Temo publicar eso relatos inusitados del abuelo pero la impaciencia de las ideas me lleva a tomar el riego.
(…) Erase un niño fascinado por los cuentos de una viejecita invidente, solitaria y abandonada en una vivienda pequeña y destartalada; y un aprendiz de escritor, oculto entre centenares de letras frías, buscando las palabras adecuadas para expresar la belleza de sus pensamientos y poderlos compartir con el resto del mundo más allá de las cuatro empalizadas de su hogar.
Cada vez que ese niño salía de mandados se tomaba un tiempo para visitar a la viejecita, ya que esa casita estaba situada a una cuadra del hogar donde él vivía. La viejecita, sin contar con la palabra escrita, cautivaba a centenares de niños al tratar de mostrarles lo que ella no podía ver o, quizás, jamás había visto. Dicen que la viejecita perdió la vista iniciada su vejez y desde ese momento solía sentarse en el pórtico de su casa para contar sus historias a cambio de un mandado o un pedacito de pan.
Las historias contadas por la viejecita eran tan apasionadas que la audiencia escuchaba el galopar de las bestias, la caricia de la brisa en sus rostros, lo álgido de las noches escalofriantes y el dulce cantar de la princesa al ser rescatada por su valiente príncipe.
Fueron muchos los anocheceres en los cuales el niño compartía con su hermana mayor los cuentos de la viejecita, hasta creaban juntos algunas historias nuevas. Eran tantas las historias por contar que avanzada la noche debían llevar al niño colgado del brazo y semidormido hasta su cama, lugar donde continuaba aflorando sus pensamientos entre sueños y fantasías (muchas historias inconclusas, otras por empezar).

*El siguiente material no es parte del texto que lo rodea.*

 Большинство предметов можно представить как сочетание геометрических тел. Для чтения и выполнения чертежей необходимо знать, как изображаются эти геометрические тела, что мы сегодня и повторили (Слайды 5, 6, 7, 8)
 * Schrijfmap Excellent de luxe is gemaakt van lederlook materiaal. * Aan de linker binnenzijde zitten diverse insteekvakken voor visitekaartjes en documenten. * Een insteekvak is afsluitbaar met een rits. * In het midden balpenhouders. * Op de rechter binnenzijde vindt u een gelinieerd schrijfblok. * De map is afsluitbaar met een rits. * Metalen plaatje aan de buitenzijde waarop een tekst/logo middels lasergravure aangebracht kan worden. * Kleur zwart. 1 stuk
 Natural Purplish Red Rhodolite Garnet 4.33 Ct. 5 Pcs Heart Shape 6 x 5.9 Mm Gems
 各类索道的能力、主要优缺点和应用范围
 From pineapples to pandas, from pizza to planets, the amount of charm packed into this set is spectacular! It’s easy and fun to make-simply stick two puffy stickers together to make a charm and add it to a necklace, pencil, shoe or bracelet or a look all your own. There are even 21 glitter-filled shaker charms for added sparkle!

En muchos amaneceres, el niño intentó descubrir al escritor oculto en su corazón para escribir sus historias (muchas de ellas contadas en sus sueños y otras finalizadas estando despierto); llegaban los príncipes y princesas, algunos valientes amigos, objetos mágicos, animalitos graciosos; pero… no llegaban las palabras adecuadas para escribir esos cuentos. Así, el niño quedaba con el lápiz y el papel en sus manos y algunos garabatos en lugar de letras; una imaginación desbordada sin un recipiente firme que la sostuviera.

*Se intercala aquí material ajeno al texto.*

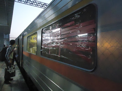 花莲到瑞穗的312号自强火车有块玻璃被击穿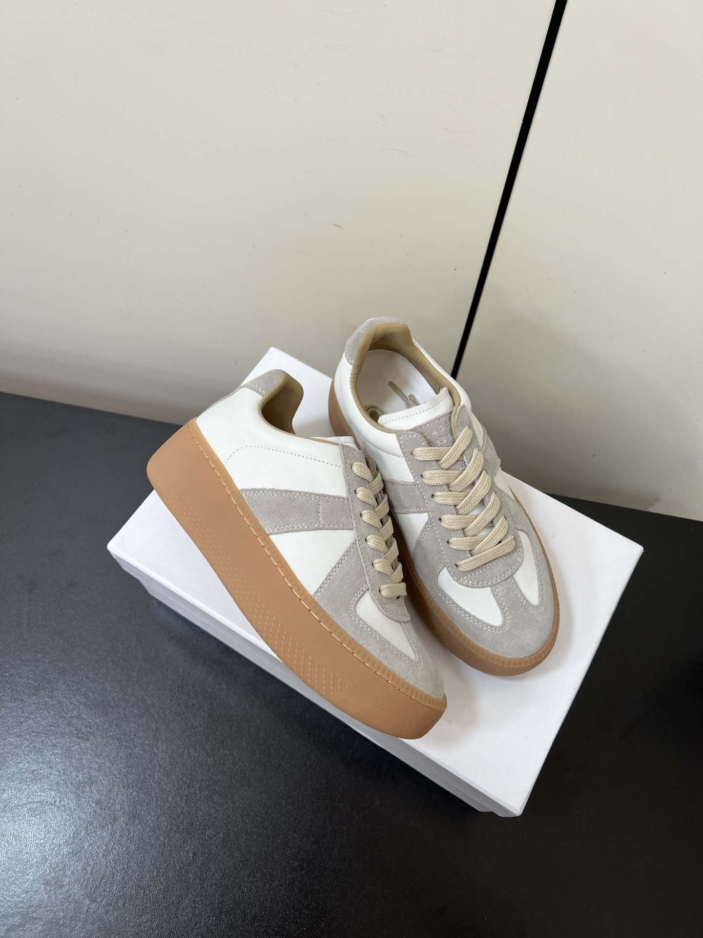 這款鞋子是AAAAA 1:1 質量(非常棒). 使用了和原版一模一樣的材料. 商標部分也保持了和Maison Margiela一樣. 圖片拍攝是實物鞋子拍攝, 您所收到的實物保證和我們圖片一模一樣.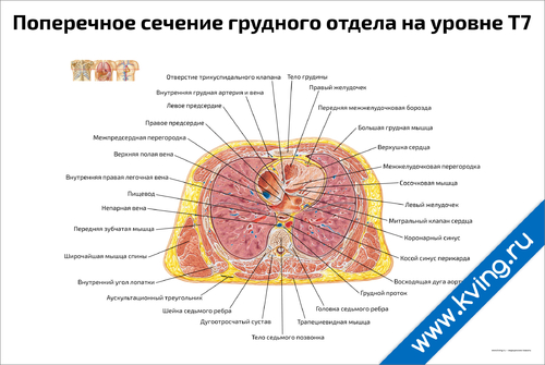 Поперечное сечение грудного отдела на уровне Т7 — медицинский плакат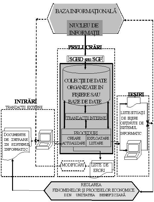In sectiunea 2 s-a specificat ca sistemele informatice sunt structurate pe subsisteme, aplicatii, unitati functionale, unitati de prelucrare sau proceduri si module program. Merita remarcat ca, indiferent de nivelul sau, orice componenta a sistemului informatic presupune intrari, prelucrari si iesiri, iar relatiile dintre componente se realizeaza prin intermediul unei baze informatio-nale, care exista si in sistemul informational, dar in conditiile informatizarii, va fi reflectata in colectii omogene de date ce pot fi organizate in baze de fisiere sau date in functie de sistemul specific de gestiune a datelor (SGF sau SGBD).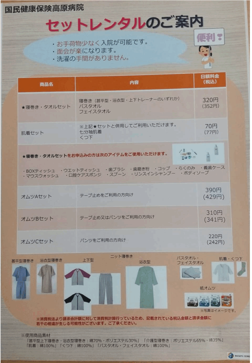 突然ご自身やご家族が入院となったというとき、心配や不安になられることかと思います。そんな時何を準備したらよいのかわからないといこともあるのではないでしょうか。 当院では、セットレンタルを取り入れております。入院に必要な基本的なものは、セットレンタルで賄うことができますので、入院準備の手間が解消されるのではないでしょうか。安心して入院生活を送っていただくためにも、ぜひセットレンタルをご活用ください。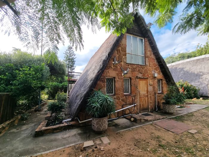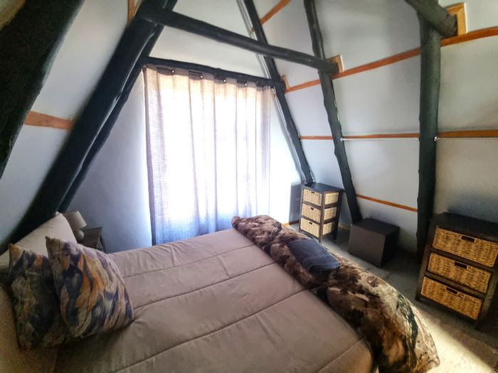 Relax in bushveld serenity at Utopia, Rustenburg — a charming thatched-roof retreat perfect for weekend escapes or Airbnb income; two-bedroom, one-bath cottage.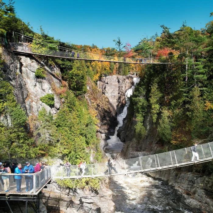 An impressive canyon carved into the 1.2-billion-year-old bedrock by the powerful Sainte-Anne Falls. Admire the spectacular 74-m waterfall (at 243’, higher than Niagara Falls). Walk across 3 suspension bridges, including one hanging at 60 m (197’). Challenge yourself with AirCANYON, a thrilling zipline 90 m (295’) in the air, which will have you flying above the gorge at 50 km/h (30 mi/h). An exciting family activity! Easy pathways and wheelchair accessible. Pet friendly.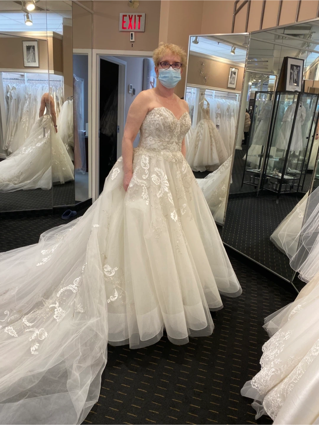 Designer is Casablanca, size 14 beautiful ballroom style dress Comes with long veil and petticoat.

Al pasar el tiempo, aquel niño convertido en joven adolescente leía a escondida apasionadas novelas cargadas de pistolas, vaqueros, carrosas e indios. Obras literarias escondidas por su padre en el fondo de un baúl de madera. Lecturas prohibidas por su padre, pues, el joven solo tenía permitido leer las labores de la escuela y escribir las tareas de las clases hechas con palabras cultas, según su padre.
—Deberás ser doctor, que cure cualquier “achaque de viejo” y me atienda cuando este viejo—decía su padre mientras le arrebataba las novelas— no quiero en mi casa a un caprichoso novelero y menos de esas historias cargadas de deseos pecaminosos.

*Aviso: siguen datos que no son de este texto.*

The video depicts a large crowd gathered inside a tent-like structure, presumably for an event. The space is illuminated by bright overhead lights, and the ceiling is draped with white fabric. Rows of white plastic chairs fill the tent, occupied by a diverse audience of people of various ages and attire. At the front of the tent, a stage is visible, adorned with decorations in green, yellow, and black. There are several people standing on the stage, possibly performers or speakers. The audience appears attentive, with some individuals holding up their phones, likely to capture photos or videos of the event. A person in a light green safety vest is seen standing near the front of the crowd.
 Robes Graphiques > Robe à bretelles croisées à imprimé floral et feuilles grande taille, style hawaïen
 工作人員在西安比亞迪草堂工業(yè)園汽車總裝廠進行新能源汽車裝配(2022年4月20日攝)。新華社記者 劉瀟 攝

«¿Qué pecaminoso podría ser una tropa de valientes guerreras al cautivar las pasiones del comandante de un ejército invasor para ganar la batalla?; o, ¿que un burro sucumba ante la fragancia de su dama y pase horas en eternas conversas enredado entre espesos matorrales? », pensó el joven.
Sin embargo, a pesar de los deseos de su padre, el joven quería escribir esas historias y dar libertad a sus pensamientos; como aquel joven prisionero en la mazmorra del palacio de su amada princesa portando el nombre de ella en su bolsillo (llave mágica para ser libre y casarse con ella).
Este joven también se hallaba prisionero en una enorme casa de paredes altas y de ladrillos rojos donde solo contaba con una única ventana al mundo; un único canal de televisión, cuya luz resplandeciente no representaba para su imaginación los paisajes hermosos vistos más allá de esas paredes.
Paisajes visualizados más allá del horizonte, vistos por el joven desde el techo de su casa: bellos parajes ocultos por grandes montañas y un lago inmenso a donde solo su imaginación podía ir y regresar para contarle.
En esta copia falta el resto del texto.